Here is a cool application of $k$-Means for image compression (we will discuss a more advanced method in dimensionality reduction later). The idea is incredibly simple. Suppose we have an image that has lot of colors that we wish to compress. One simple way is to reduce the number of colors. One of the compression techniques used by JPG is called run length encoding (RLE). Suppose you have a text like AAAAAAAABB, RLE compresses it to 8A2B. Intuitively, lesser colours will have longer runs and hence better compression.

Suppose we run $k$-Means on the image with a reasonably small $k$ where the data points are the pixels.
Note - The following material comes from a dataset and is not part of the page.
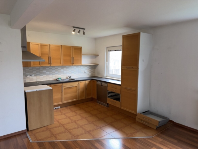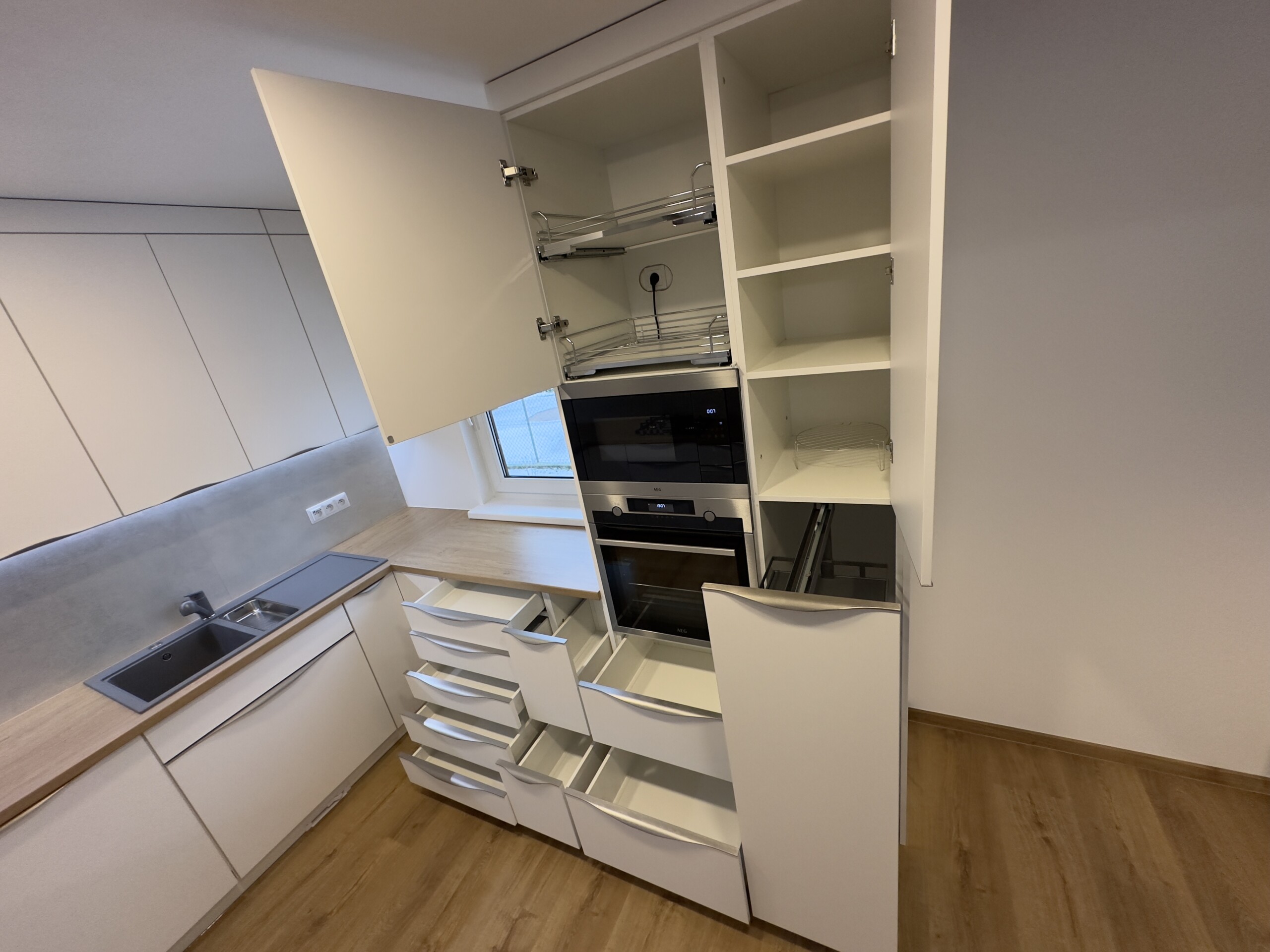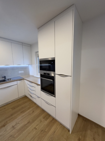 Součástí realizace byla kompletní dodávka kuchyně na míru – od návrhu až po finální montáž. Design kuchyně kombinuje bílý lesk a dekor dřeva, který navazuje na vinylovou podlahu v odstínu dubu.
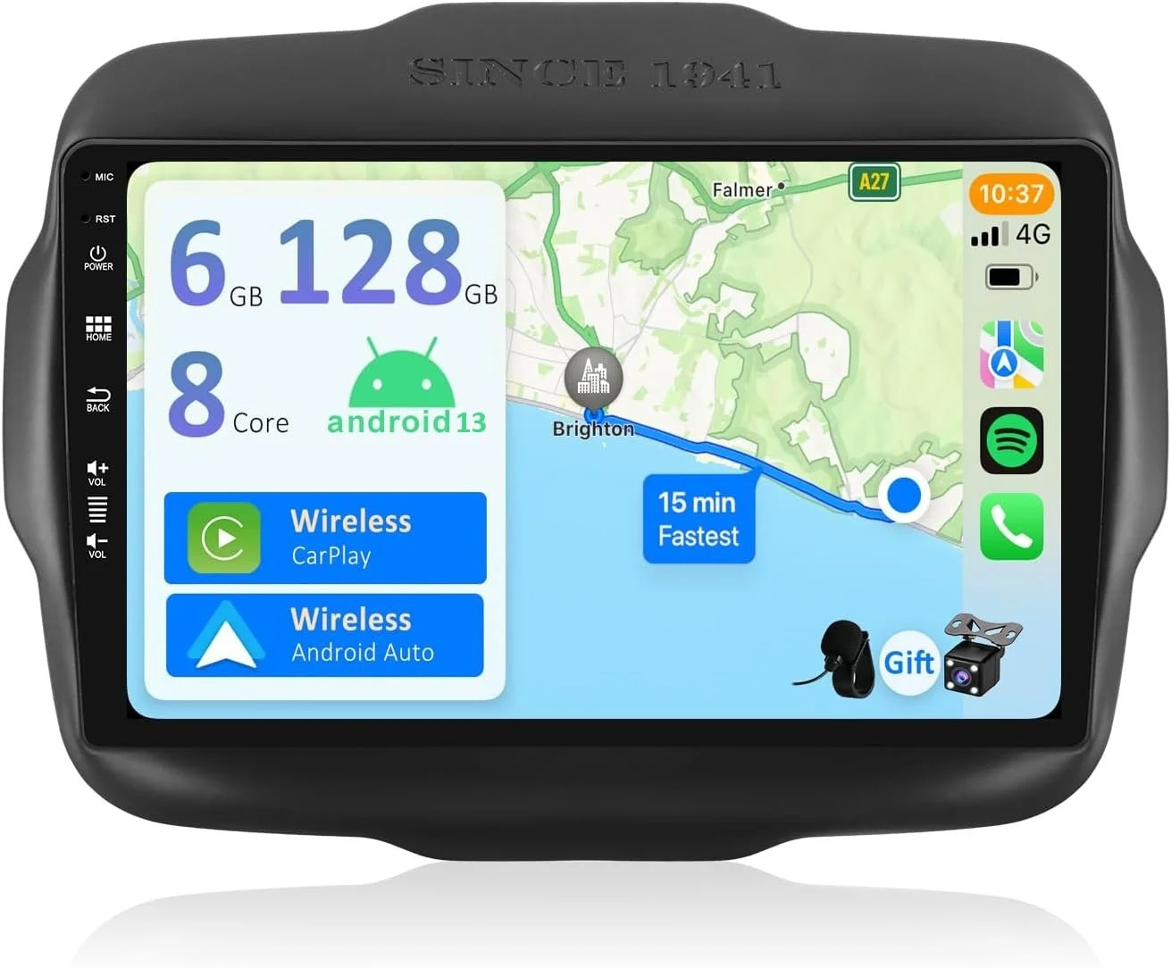 Штатна автомагнітола YUNTX BX-D04 для Jeep Renegade (2015-2018) / 9" / Сенсорна / 6/128Гб / Android 13 / Apple CarPlay / And

For example, suppose we decide to use only 64 colours. Then we run $k$-Means with $k=64$. We then get the set of centroids which now correspond to "mean" (or representative) colors. We now replace the color of each pixel with the color provided by its centroid. This way, we quantize an image to have exactly $k$ colors.

Here is a crude computation of the savings achieved. Each pixel in the original image is associated with 24 bits (8 bits each for RGB). So if the image is $128 \times 128$, we need $128 \times 128 \times 24$ bits. Suppose we compressed it into 16 colors only. We now need to store two information: a dictionary of the 16 colors (which need $16 \times 24$ bits) and each pixel now can be represented using just 4 bits ($\lg 16 = 4$) and hence needs $128 \times 128 \times 4$. Overall we compressed the image by a factor of 6!!

In the following task, you will do a crude demonstration.

In [193]:
#Do not change anything below
#China is one of the sample figures in sklearn

#Code courtesy: Sklearn
#china is a 3-D array where the first two dimensions are co-ordinates of pixels (row and column)
# and third coordinate is a tuple with 3 values for RGB value
china = datasets.load_sample_image("china.jpg")
china = np.array(china, dtype=np.float64) / 255
china_w, china_h, china_d = tuple(china.shape)
print "Width=%s, Height=%s, Depth=%s" % (china_w, china_h, china_d)
#Convert it to a 2D array for analysis
china_image_array = np.reshape(china, (china_w * china_h, china_d))
print "In 2-D the shape is ", china_image_array.shape

def recreate_image(codebook, labels, w, h):
    """Recreate the (compressed) image from the code book & labels"""
    d = codebook.shape[1]
    image = np.zeros((w, h, d))
    label_idx = 0
    for i in range(w):
        for j in range(h):
            image[i][j] = codebook[labels[label_idx]]
            label_idx += 1
    return image


plt.figure()
ax = plt.axes([0, 0, 1, 1])
plt.axis('off')
plt.title('Original image (96,615 colors)')
plt.imshow(china)
Width=427, Height=640, Depth=3
In 2-D the shape is  (273280, 3)

Out[193]:
<matplotlib.image.AxesImage at 0x7fe9cda51410>
In [194]:
#t1h:

#This task could run for a long time on typical machines
#Let us run K-means with different values of k
# Then using the new centroids, compress the image and display it. 

t1h_start_time = time.time()
plt.figure()
fig,axes = plt.subplots(2, 2, figsize=(15,6))

#the 2d is for convenience
t1h_k_values = [[16, 32], [64,128]]
for i in range(2):
    for j in range(2):
        print "Handling k =", t1h_k_values[i][j]
        #Change below: call Kmeans with k=t1h_k_values [i][j] and random state = 1234
        t1h_kmeans_obj = None
        #Change below: fit the object with china image array variable
        t1h_kmeans_fit = None
        axes[i][j].imshow(recreate_image(t1h_kmeans_fit.cluster_centers_, t1h_kmeans_fit.labels_, china_w, china_h))
        axes[i][j].set_title('Compression with' + str(t1h_k_values[i][j]) + " colors")
        
        axes[i][j].grid(False)
        axes[i][j].get_xaxis().set_ticks([])
        axes[i][j].get_yaxis().set_ticks([])

print "Clustering over entire data took %s seconds" % (time.time() - t1h_start_time)
Handling k = 16
Handling k = 32
Handling k = 64
Handling k = 128
Clustering over entire data took 536.04073596 seconds

<matplotlib.figure.Figure at 0x7fe9cd916690>